Putting wellbeing first

With Christmas behind us and the New Year well and truly underway, ‘January Blues’ may well be setting-in. There will also be those who may be more ‘down’ than usual, perhaps feeling stressed, lonely or undervalued.

Although more and more organisations are recognising the need to support employees with their wellbeing needs, many are still falling short in relation to emotional and social wellbeing. Only 14 per cent of workers believe their workplace prioritises emotional wellbeing and a mere 9 per cent believes their company cares about their social wellbeing. It’s time organisations cared about the employee as a whole – their physical as well as their social and emotional needs, otherwise known as holistic wellbeing. And with the post-Christmas ‘low’ intensifying people’s emotions, now’s a good time to start.

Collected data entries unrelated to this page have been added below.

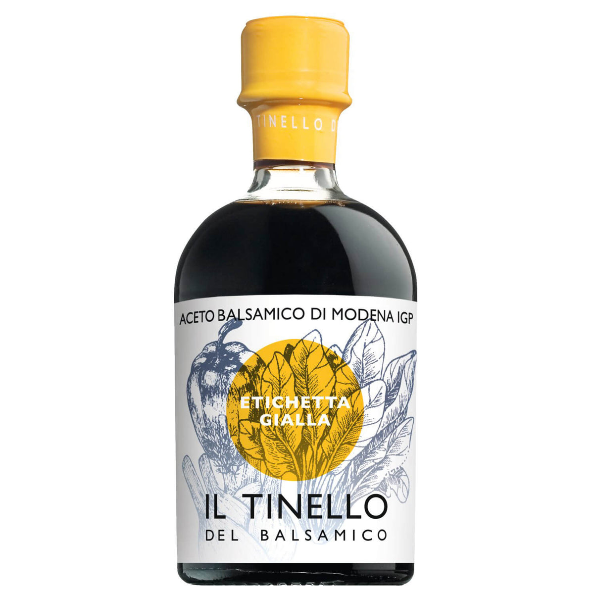 Familie Crotti produziert seit über 40 Jahren Balsamessige auf höchstem Niveau. Ihr jüngster, der gelbe Tinello, reifte circa ein Jahr im Fass. Der bernsteinfarbene Balsamessig aus eingekochtem Traubenmost und hochwertigem Weinessig besitzt eine gut eingebundene Säure, leichte Röstnoten und schmeckt dabei sauber und harmonisch. Auch das Holzfass ist ganz fein nachvollziehbar. Er eignet sich sehr gut für Rohkost, in Vinaigrettes und Dips.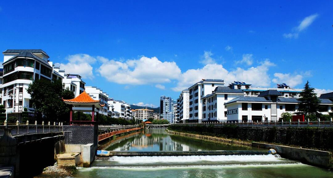 蓝天白云下的世界长寿乡桂东县城一角。(邓焱萍 摄)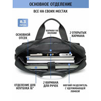 Сумка для ноутбука 15,6 дюйма от бренда Viaggio подходит как для мужчин, так и для женщин. Модель изготовлена из прочного влагостойкого материала Oxford, благодаря которому не боится дождя и снега. Все стороны и дно имеют мягкий вспененный слой для максимальной защиты ваших гаджетов и сохранения формы. Основное отделение оснащено мягким карманом для ноутбука, а также карманом на молнии для мелочи и личных документов. Сумка оснащена большим внешним карманом для планшета, аксессуаров и зарядных устройств и дополнительным карманом со скрытой молнией для вещей, которые всегда должны быть под рукой. Регулируемый съемный плечевой ремень и удобные ручки обеспечивают комфортную переноску. С обратной стороны сумка имеет специальный ремень для крепления на чемодан, чтобы сделать ваше путешествие более удобным. Сумка идеально подходит для работы, путешествий и учебы. Она легкая, весит всего 600 грамм, и ее размеры составляют 41х29х7 сантиметров - что является оптимальным соотношением вместимости и комфорта во время переноски.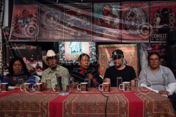 CIUDAD DE MÉXICO, 28SEPTIEMBRE2018.- María de Jesús Patricio Ramírez, Vocera del Concejo Indígena de Gobierno ofreció conferencia de prensa en el café Zapata Vive, para presentar los carteles ilustración sobre los 7 principios zapatistas, los cuales se pusieron a la venta en los cafés Zapatistas del país para recaudar fondos para las comunidades indígenas. FOTO: ANDREA MURCIA /CUARTOSCURO.COM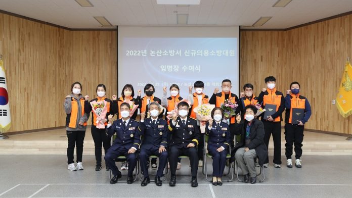 논산소방서(서장 이희선)는 지난 29일 소방서 4층 대회의실에서 2022년 하반기 신규 의용소방대원 11명에 대한 임명장 수여식을 실시했다고 밝혔다.
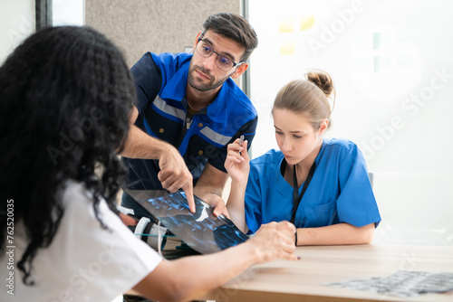 © Wosunan, Obraz premium Engineers, doctors and physical therapists brainstorm ideas to design a robot with arm and hand organs, To be utilized for additional testing on patients.
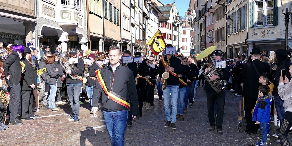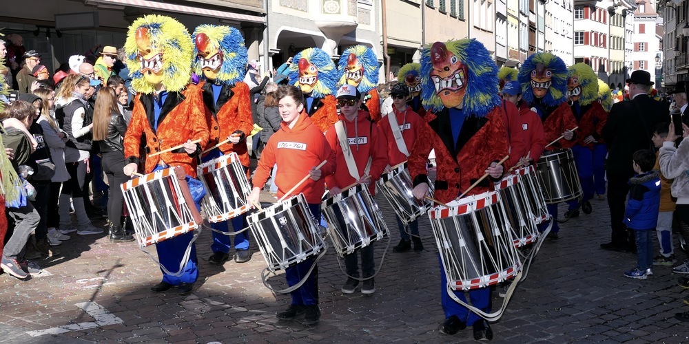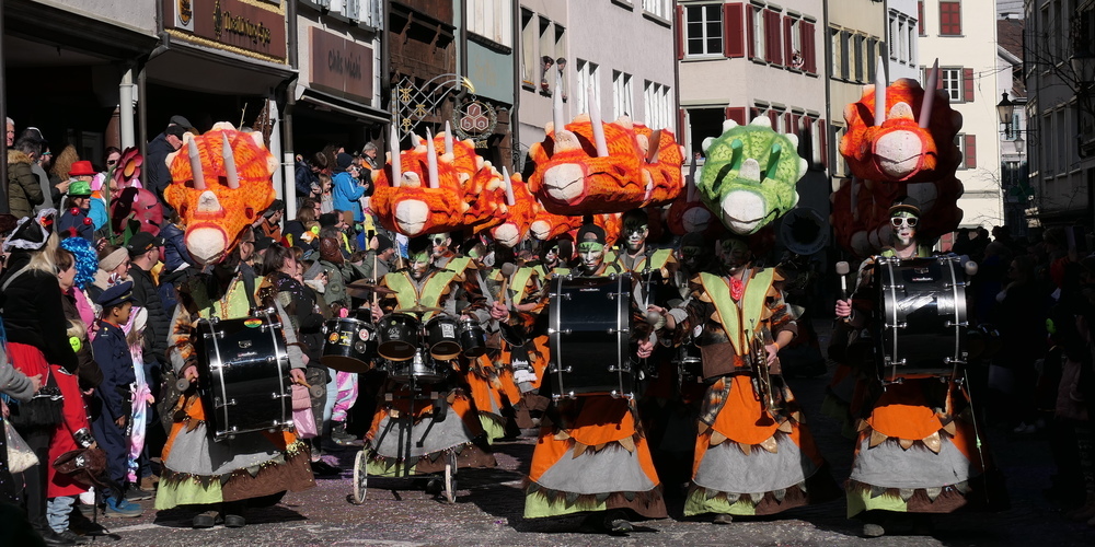 Die erste von zwanzig Guggenmusiken im Umzug waren die Burgtätscher aus Rebstein, die mit ihren Kroko-Köpfen ein prächtiges Bild abgaben. Ebenso prächtig wie die gleich folgenden Städtli-Chläpfer mit ihren Dinoköpfen. Zusammen mit der gleich darauf durch die Altstadt musizierenden Wolfshüüler aus Wolfhalden ergab sich ein vieltöniger Guggenmelodienmix. Nicht unbedingt schön, aber sicher von erlesener Seltenheit.

Using findings from The 2018 Global Culture Report by The O.C. Tanner Institute, Georgia Portwain, Culture and Engagement Strategist from O.C. Tanner Europe provides her top tips on how to care for employees’ holistic wellbeing.

1. Focus on the bigger picture of wellbeing – Think beyond just physical wellbeing so that social and emotional wellbeing are prioritised. The bottom line benefits of this approach must be ‘sold into’ the leaders so that they’re on board, as without their backing, any initiatives will fall flat and will simply be token gestures. The advantages of taking a rounded approach to wellbeing are huge, for instance, when social and emotional wellbeing are prioritised, 52 per cent of employees will feel less stress than average. 

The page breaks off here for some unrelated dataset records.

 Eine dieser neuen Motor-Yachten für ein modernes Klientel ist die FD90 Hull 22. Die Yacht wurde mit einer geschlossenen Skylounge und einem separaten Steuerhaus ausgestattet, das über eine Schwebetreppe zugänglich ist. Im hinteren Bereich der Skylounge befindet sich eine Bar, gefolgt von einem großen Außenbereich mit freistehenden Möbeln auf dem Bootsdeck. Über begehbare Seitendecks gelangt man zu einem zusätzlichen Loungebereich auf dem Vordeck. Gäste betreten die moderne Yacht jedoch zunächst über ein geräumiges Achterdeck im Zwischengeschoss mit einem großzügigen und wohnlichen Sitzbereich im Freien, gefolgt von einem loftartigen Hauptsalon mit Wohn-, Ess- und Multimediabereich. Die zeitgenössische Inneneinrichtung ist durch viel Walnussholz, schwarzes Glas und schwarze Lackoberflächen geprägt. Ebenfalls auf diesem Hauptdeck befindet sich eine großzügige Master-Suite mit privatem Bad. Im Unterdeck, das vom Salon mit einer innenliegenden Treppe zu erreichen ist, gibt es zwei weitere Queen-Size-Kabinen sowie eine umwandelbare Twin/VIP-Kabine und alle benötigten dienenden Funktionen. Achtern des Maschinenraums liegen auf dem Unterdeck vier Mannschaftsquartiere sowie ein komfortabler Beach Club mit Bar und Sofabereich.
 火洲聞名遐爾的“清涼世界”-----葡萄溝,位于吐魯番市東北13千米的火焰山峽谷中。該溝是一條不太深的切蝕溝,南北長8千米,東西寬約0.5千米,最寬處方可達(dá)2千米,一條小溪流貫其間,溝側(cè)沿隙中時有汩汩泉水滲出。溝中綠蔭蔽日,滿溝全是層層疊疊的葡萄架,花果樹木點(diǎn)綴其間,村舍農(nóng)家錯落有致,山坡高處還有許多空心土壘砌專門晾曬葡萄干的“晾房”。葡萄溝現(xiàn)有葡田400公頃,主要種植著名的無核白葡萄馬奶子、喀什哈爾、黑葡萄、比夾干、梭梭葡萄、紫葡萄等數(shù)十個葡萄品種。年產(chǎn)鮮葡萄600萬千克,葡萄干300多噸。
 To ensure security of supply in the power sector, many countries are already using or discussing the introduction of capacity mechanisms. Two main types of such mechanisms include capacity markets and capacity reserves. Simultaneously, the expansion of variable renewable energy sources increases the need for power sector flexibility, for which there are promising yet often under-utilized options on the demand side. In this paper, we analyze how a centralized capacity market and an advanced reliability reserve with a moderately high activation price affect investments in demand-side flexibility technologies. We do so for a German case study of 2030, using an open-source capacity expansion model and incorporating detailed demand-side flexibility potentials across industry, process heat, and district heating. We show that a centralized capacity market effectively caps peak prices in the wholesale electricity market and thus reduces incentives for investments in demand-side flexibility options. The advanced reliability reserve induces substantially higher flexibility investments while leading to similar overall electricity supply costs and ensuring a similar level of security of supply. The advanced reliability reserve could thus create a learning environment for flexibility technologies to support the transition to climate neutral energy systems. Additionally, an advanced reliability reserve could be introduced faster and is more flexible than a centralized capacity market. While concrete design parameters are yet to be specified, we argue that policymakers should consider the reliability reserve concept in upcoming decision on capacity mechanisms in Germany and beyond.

2. Be inclusive – Inclusion isn’t just about diversity but is all about helping employees to feel they can be their authentic selves, they belong and are valued. When an organisation’s culture is inclusive, employees are 141 per cent more likely to feel a sense of belonging. With the rise of technology leading to higher level of loneliness and depression, especially among Gen Z and Millennials, feeling a sense of belonging is more important than ever before.

3. Prioritise connections and work/life integration  – Ensure your workplace is filled with camaraderie and encourage workplace friendships and interactions rather than relying on technology for communications. It’s also important to provide policies and technologies to allow employees to decide to want extent they want to integrate their work and personal lives. When employees feel forced to respond to work-related issues while away from work, 34 per cent are more likely to leave the organisation.

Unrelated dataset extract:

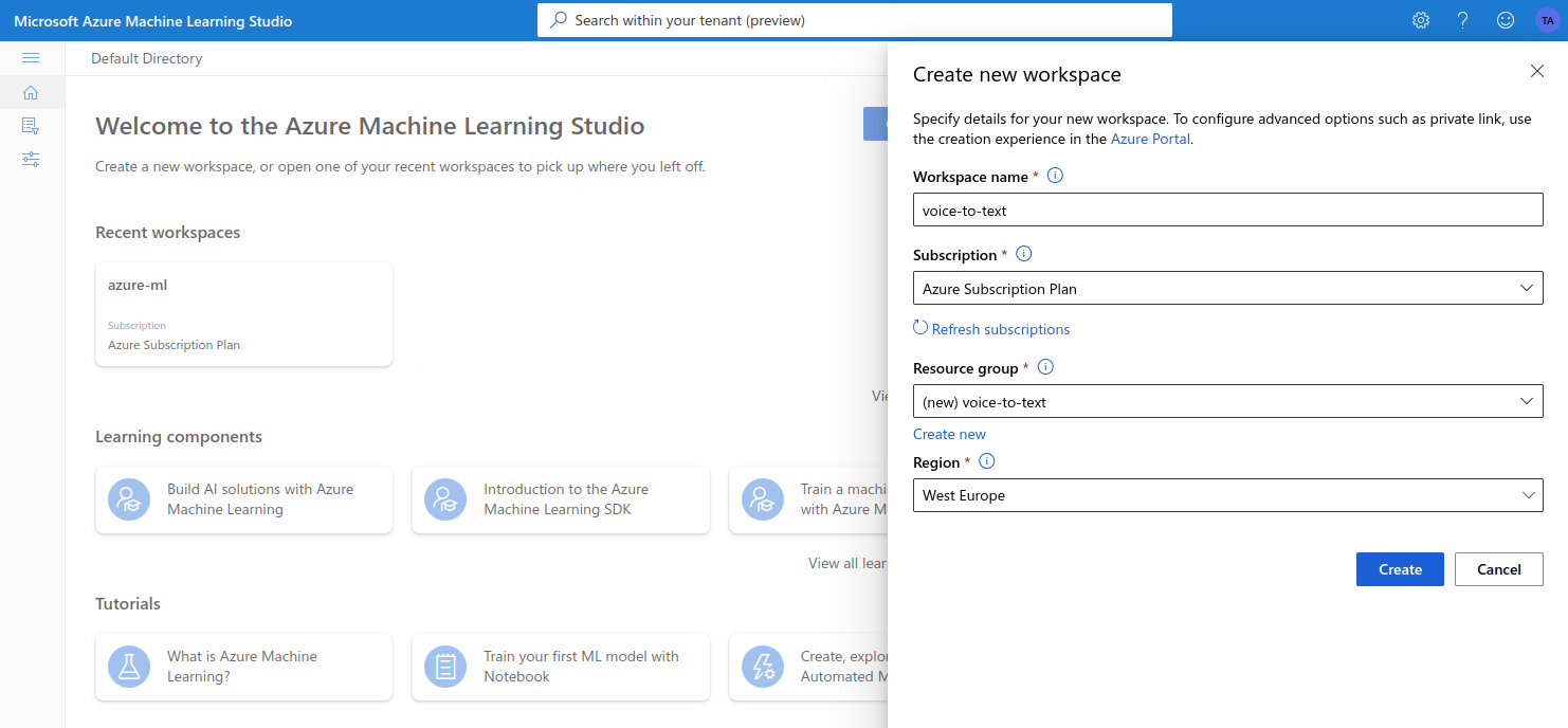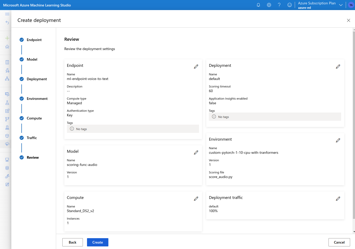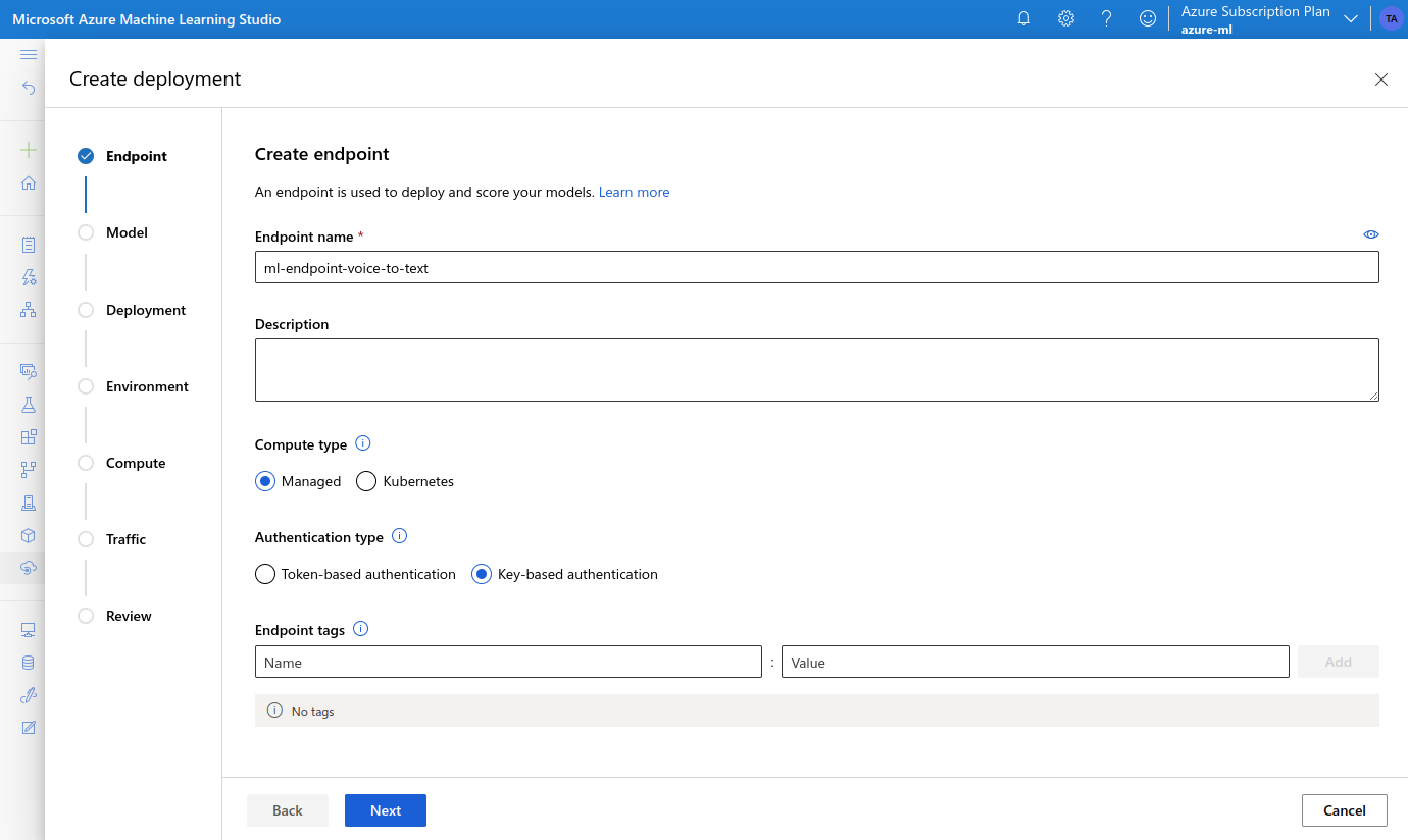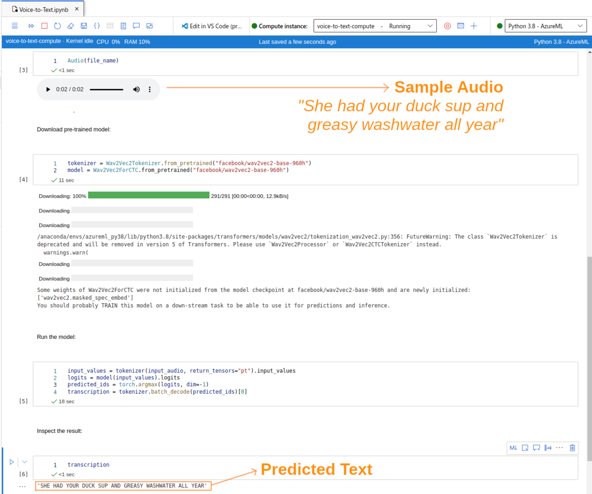 Azure Machine Learning is Microsoft’s cloud offering of machine learning services, covering the machine learning project lifecycle, including training and inference. It supports all the popular open-source machine learning frameworks such as TensorFlow, PyTorch and others. In this section I will show how to implement a voice-to-text translation endpoint with Azure ML.The Model

4. Create a space that builds friendships – Take a look at your office with fresh eyes. Is there an area where employees can relax and share ideas?  Workspaces must encourage creativity, collaboration and innovation and so provide communal spaces and shared screens to build camaraderie and enable teamwork. When an organisation’s workspace enables interactions with colleagues, employees are 84 per cent more likely to have a close friend at work and are 92 per cent more likely to feel optimistic about the future! However it’s equally as important to provide areas where staff can have some personal space if needed.

5. Appreciate! – It’s key to have a recognition programme in place which ensures staff are thanked in a meaningful and sincere way, and which involves managers and peers in the celebrations. Such an approach can lead to powerful results, for instance, when employees are regularly recognised for the effort they put in and the results they achieve, they feel a 33 per cent increase in a sense of belonging and a 27 per cent increase in overall health. Although employees should be appreciated all year round, why not say a special “thank you” to staff this January when they may need some ‘perking-up’?

People thrive on social interactions and feelings of ‘belonging’ and yet it’s all too easy to rely on technology for building workplace connections, ignoring the importance of face-to-face relationships. To ensure employees thrive at work socially, emotionally as well as physically, it’s vital for organisations to address the holistic wellbeing of their staff. The results will be a workplace in which people feel prioritised, a sense of ‘belonging’ and are both happy and healthy.